Vetuste sono, queste immagini che tengo con dolcezza tra le mani. Le ho conservate dal tempo che sfugge, e che ci lascia solo ricordi, gioie o rimpianti.
Ora le guardo, con quello sguardo critico, capace di individuare quel particolare che rende la foto speciale. Con sentito rispetto, accarezzo con l’indice i bordi del ritratto, smussati dal tempo e lievemente ingialliti. Un susseguirsi d’immagini d’altre epoche e più recenti, una testimonianza, il racconto di una vita. Di più vite, in fondo, che si sono intrecciate in un abbraccio effimero durato quel tempo lasciato dal proprio destino.
Ma non è questo, ciò che ora importa: non sono i particolari che m’interessano. Voglio richiamare alla mente ciò che è stato, ciò che il tempo si è portato via, lasciandomi qui… con una sensazione d’angoscia alla gola, veicolata dallo sguardo fisso sulle foto ingiallite che con quel loro inconfutabile odore mi riportano al passato. “Papà!”
Ma perché torturare la mia coscienza? Che senso c’è a tollerare questo piacere arcano del rievocare sensazioni recondite? Il passato è alle nostre spalle, ora devo guardare in avanti! Ma eppure, mi sento inebriata dalle sensazioni che sfrecciano dalla mente al cuore, come fiammate d’un fuoco fatuo. Sono le frecce scoccate da un ipotetico arco fatato, che una ad una, raggiungono il bersaglio. Sì, il cuore: culla di tutte le percezioni, sorgente di ogni emozione. Meta facile, malleabile a piacimento, quando ancora innocente si lascia aprire come un fiore irrorato dai caldi raggi del sole.

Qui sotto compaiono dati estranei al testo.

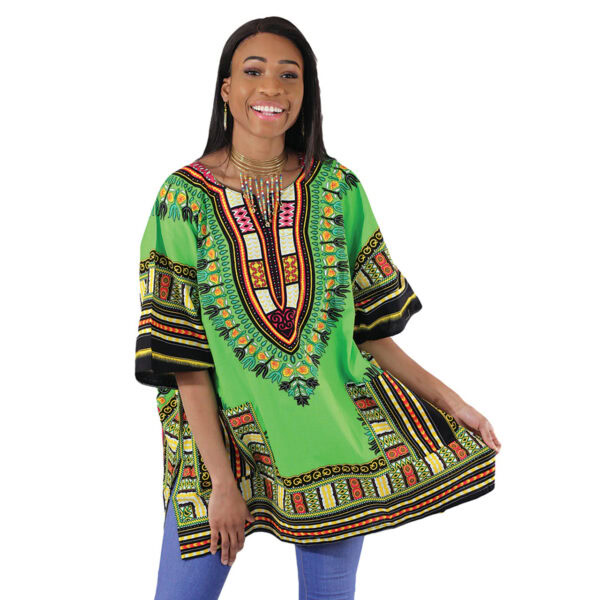 Our Dashiki celebrates timeless African fashion. It’s a comfortable fit for any size, making it a go-to choice for all your favorite occasions. This dashiki is a celebration of culture and community, commonly chosen for weddings, school events, church activities, and family gatherings. This dashiki can be paired with numerous bottoms, offering versatility and style.
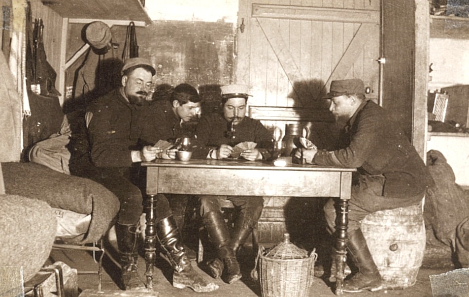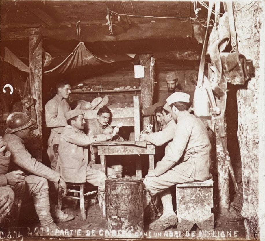 Partie de cartes dans un abri en 1ère ligne. Collection de plaques de verre stéréoscopiques de Maurice Brun, musicien au 89e RI. Sans date.
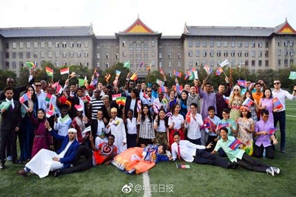6月17日,我校45国百余名外国毕业生手持本国国旗,身着民族特色盛装,共同摆出了“一带一路”缩写字母“B&R”,拍下创意毕业照。
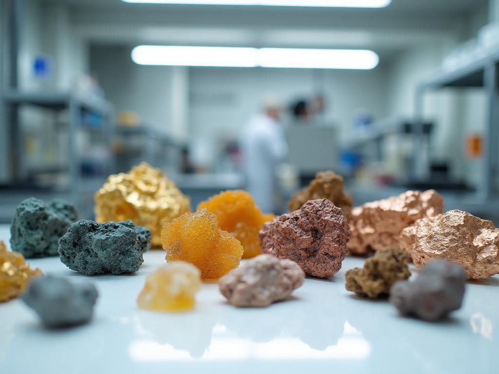 Mineral materials commonly tested in mining operations, including:
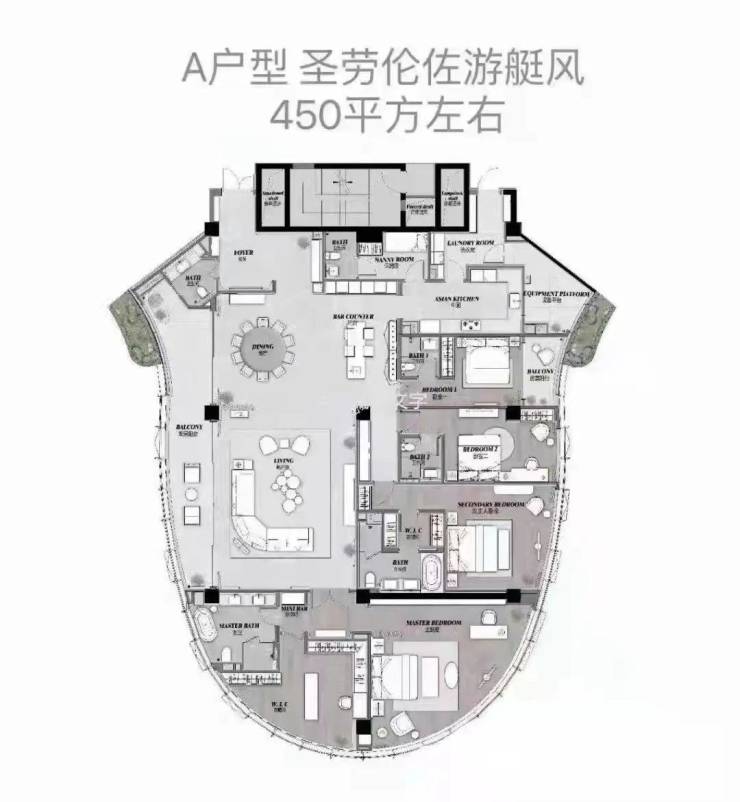 【户型面积】:约430、450㎡;
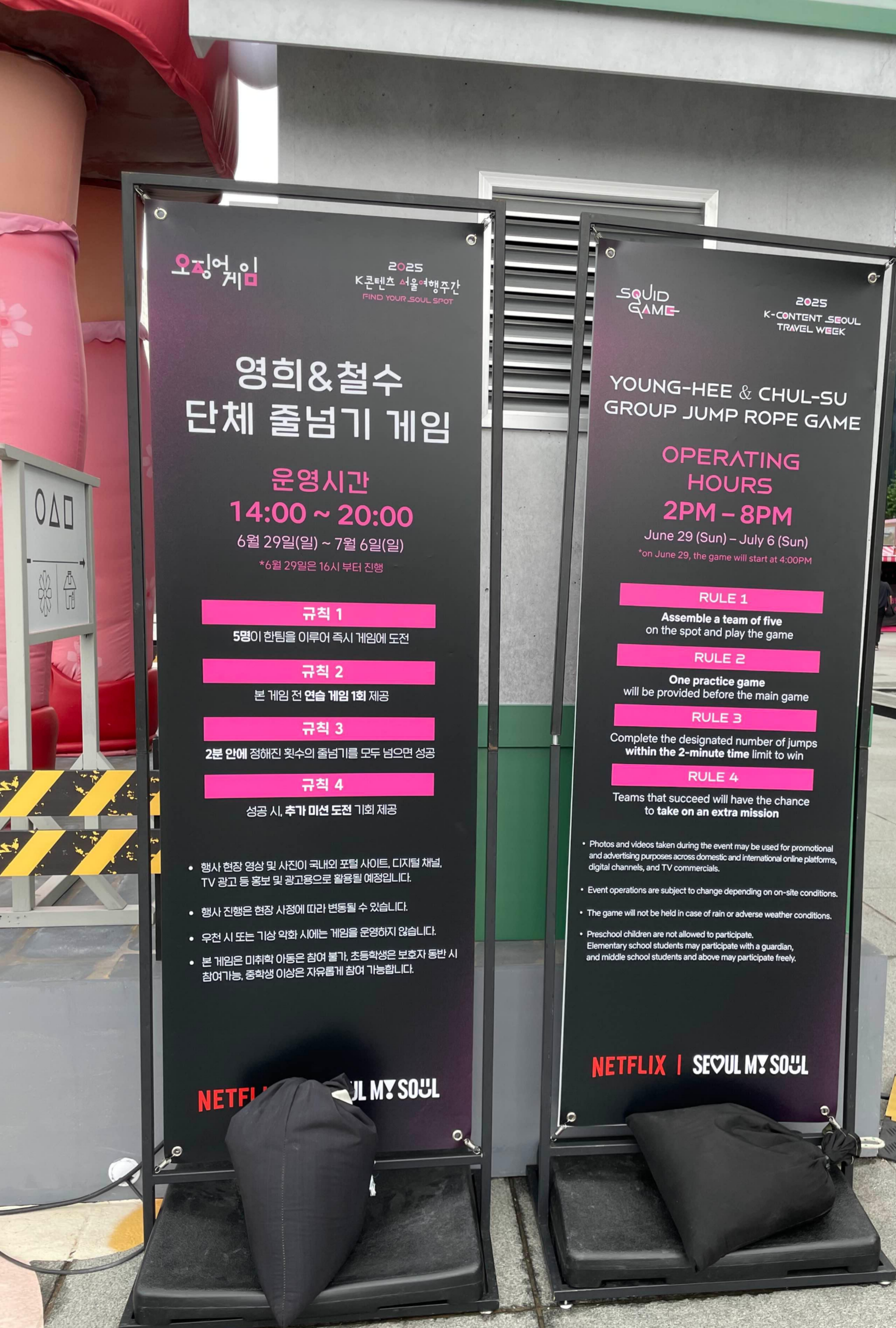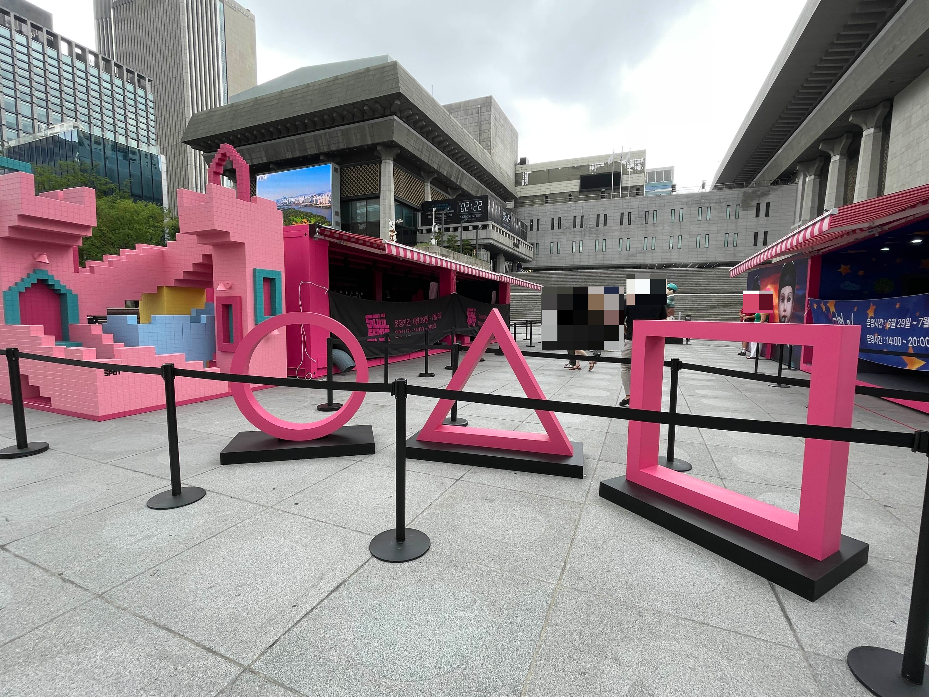 광화문 오징어게임 팝업 이벤트 기간은 6월 29일 ~ 7월 6일까지 약 일주일간 진행하고 있는데요. 운영시간은 14:00~20:00시라고 합니다. 저희는 점심쯤에 방문했더니 그냥 사진만 찍을 수 있더라고요.
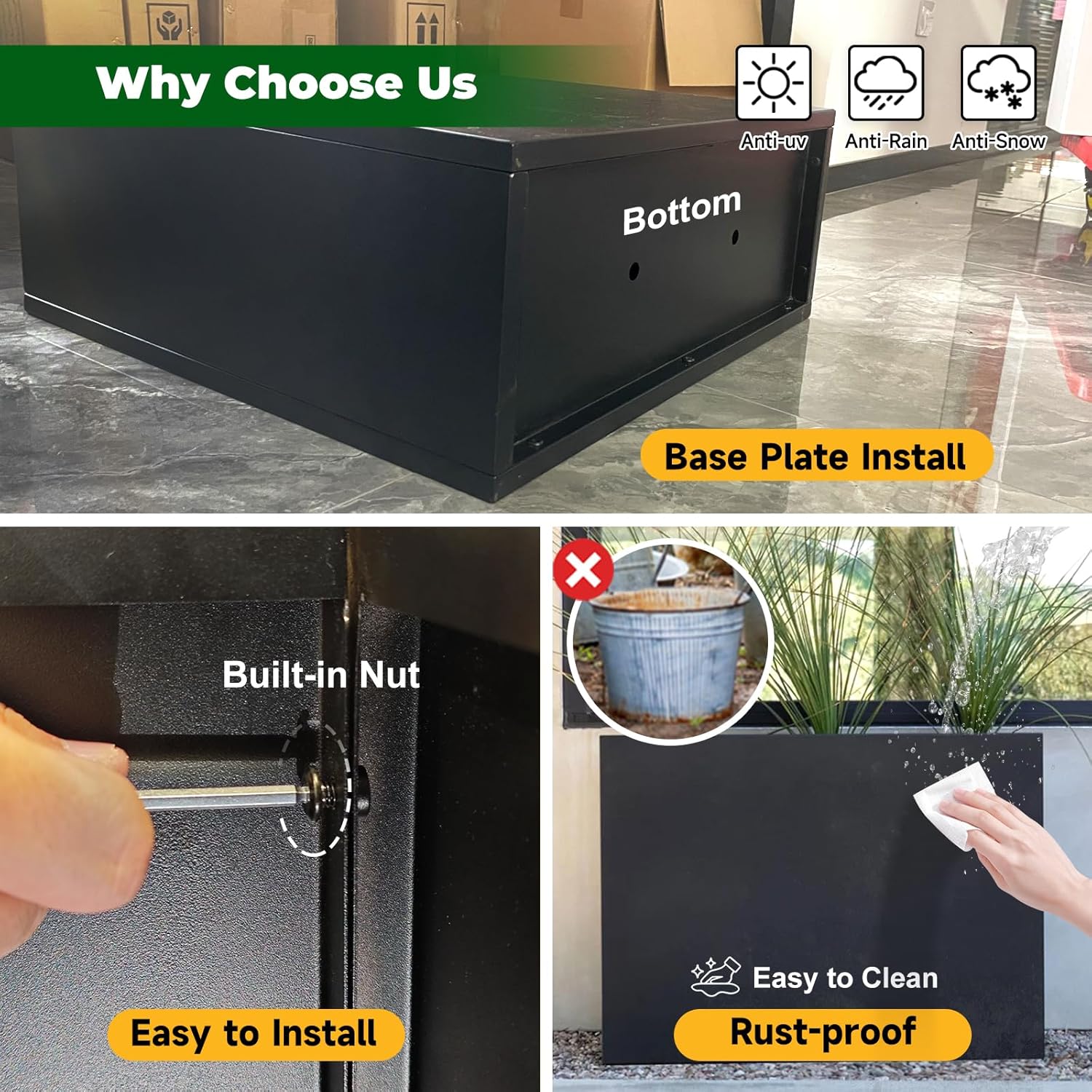 Galvanized Steel Metallic Heavy Planter for Outdoor Plants Metal Outdoor Planter Spliced Flower Box with Partitions for Outside,Indoor,Garden (Black, 24 * 10 * 24)

Vorrei poter raccontare, trasportare fuori queste impressioni così profonde, specialmente quelle che maggiormente mi fanno patire. Condividere, mi hanno insegnato. Ma mi sento come paralizzata. Ho un fremito alle mani, mentre perfettamente conscia realizzo l’esistenza di questo connubio di circostanze: di vita e di morte.
Queste impronte, sono diamanti allo stato grezzo, incastonati nella membrana che racchiude ogni reminiscenza vissuta. Attendono d’essere cesellati, per poter sprigionare la loro bellezza e forza… Ma le parole rimangono lì, chete, cullate nella mia mente che ora inizia a lasciarsi trasportare via. Poi l’immaginazione mi abbraccia in quella sua maniera lussureggiante che mai vuoi condividere con altri. La fai tua, la tua musa segreta, quella che maggiormente evochi quando le ombre si avvicinano. Lasci la vigoria diamantina al suo posto, non è ancora giunto il momento adeguato per condividerne il fardello.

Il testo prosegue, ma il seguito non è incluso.